The present disclosure relates generally to wireless communication systems, and more particularly to a method for suppressing interference in adaptive beamforming.
Adaptive beamforming is a widely-used technique to achieve maximum capacity and coverage in wireless communication systems. Specifically, adaptive beamforming attempts to configure an away of antennas, in such a way that signals arriving from a desired direction at a specific frequency is detected and accepted while signals arriving from other directions at that specific frequency is rejected. The configuration mechanism typically includes iteratively computing a plurality of weights attributable to their corresponding antennas in the away of antennas to enhance the signal arriving from the desired direction while minimizing or eliminating the signal arriving from other directions. The desired direction is typically found by phasing the feed to each antenna of the away such that signals received or transmitted from all antennas of the away will be in phase in a particular direction.
On average, beamforming gain of 20 log10(N) can be achieved for a downlink communication while a gain of 10 log10(N) can be achieved for an uplink communication, wherein N is the number of antennas in the antenna array. Capacity increase in antenna array beamforming is mainly attributable to power increase, improvement of channel conditions, and suppression of interference. Power is increased by a factor of 2N in downlink communication, and by a factor of N in uplink communication. The direct power increase can be directly translated to a higher modulation order, thereby leading to a higher capacity. An antenna array improves the channel conditions significantly by optimized combination of multiple incoherent signals. Since the order of the modulation and coding rate depend on the channel conditions, better channel conditions means higher order modulation and low coding rate. Furthermore, good and stable channel conditions yield a more efficient link adaptation, thereby achieving a higher capacity. Finally, an antenna away allows the detection and suppression of multi-cell interference, which are critical in networks that require frequency reuse.
For example, modem communication networks are required to be compatible with a regular cellular network but also available to deliver at least 20 Mbps of data communication throughput per cell. The data throughput represents a 140-fold increase compared to the conventional voice rate of 14.4 kbps, assuming that the sustained data rate is 50 kbps, the average time for a voice call is 3 minutes and the average data time is 2 hours (50*60*2/(14.4*3)≈140). If a modulation order QAM16 is supported on average, the spectrum required per sector will be 5 MHz (20/4). If the network operator has 15 MHz spectrum available in total, the highest frequency reuse will be N=3. However, without a means to suppress same-channel interference, the deployment of frequency reuse (N=3) will yield poor system performance, because interference would render a poor signal-to-noise ratio in the majority of the area that even the more inferior QAM4 can support.

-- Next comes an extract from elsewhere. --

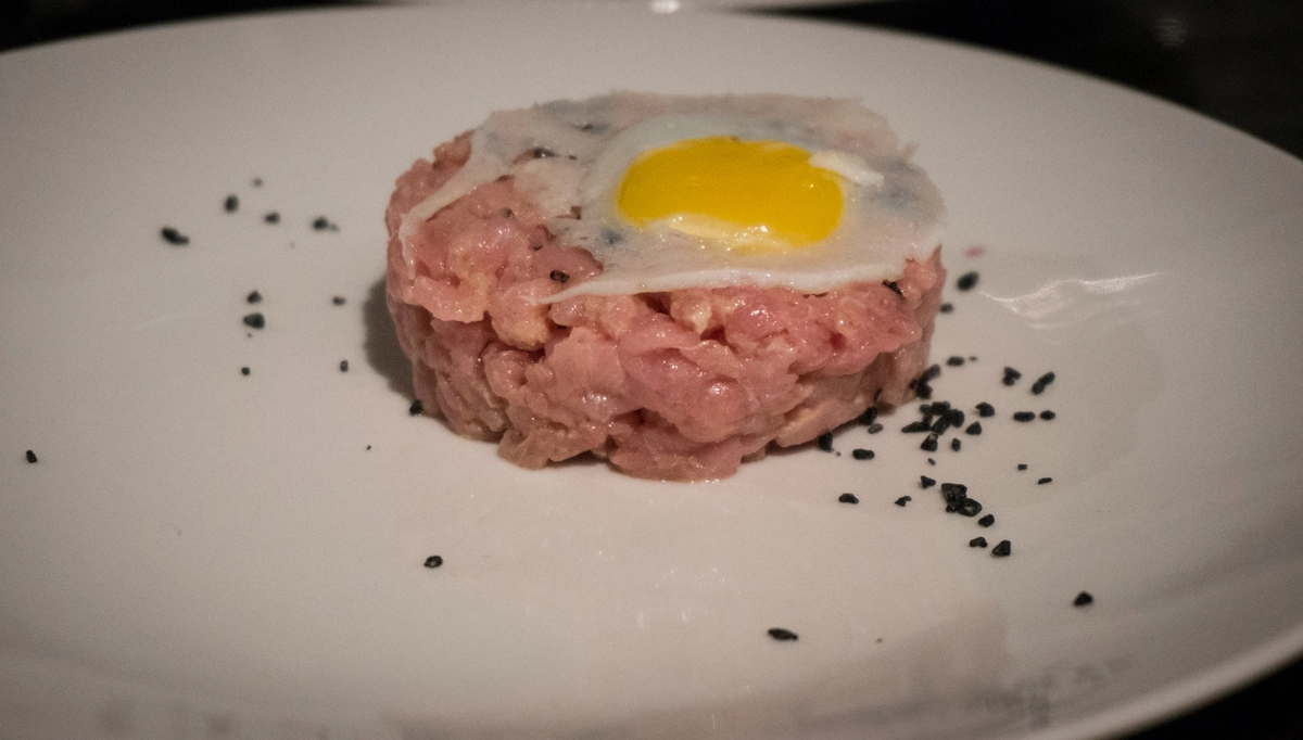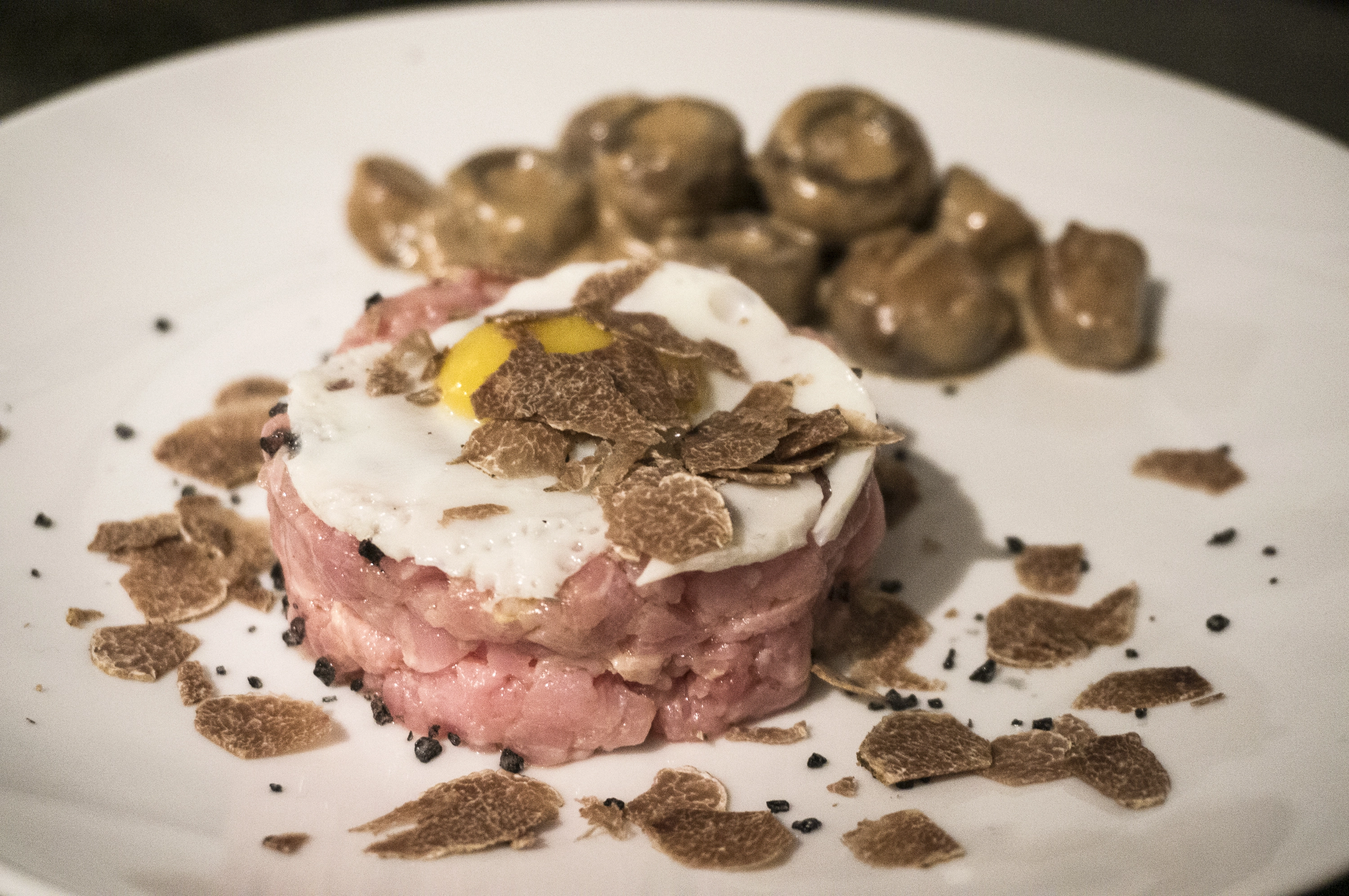 Il sapore del tartufo lega con il dolce della carne ed il piccante della senape, in una girandola di sapori impiattati in un cilindro da food design.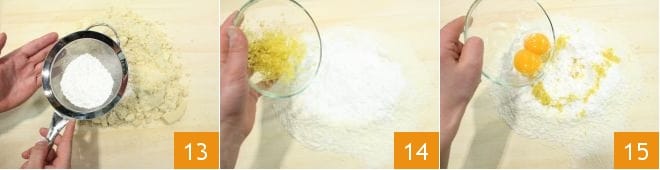 Versez le sablage obtenu sur un plan de travail et ajoutez le sucre glace tamisé 13. Formez une fontaine et au centre, versez le zeste de citron râpé 14 et les jaunes d'œufs 15.

To suppress interference, a variation of adaptive beamforming is used. In null-steering beamforming, instead of enhancing the signal arriving from the desired direction, as given above, the direction in which the desired signal is not preferred is examined, and the output signal power pertaining to that direction is minimized.
However, beamforming calculation is a difficult task because interference occurs unpredictably. Traditional beamforming methods either require detecting interference in the entire frequency-time span of the wireless communication band, thereby yielding a good set of detection data but at a high capacity and processing cost, or detecting interference only in selected portions of the entire frequency-time span, thereby reducing the capacity and processing cost but losing overall data quality due to lack of a complete interference picture. There is currently no efficient method for efficiently detecting interference in a null-steering beamforming approach.
What is desired are methods that provide for more efficient detecting and suppressing of interference for optimizing antenna array capacity.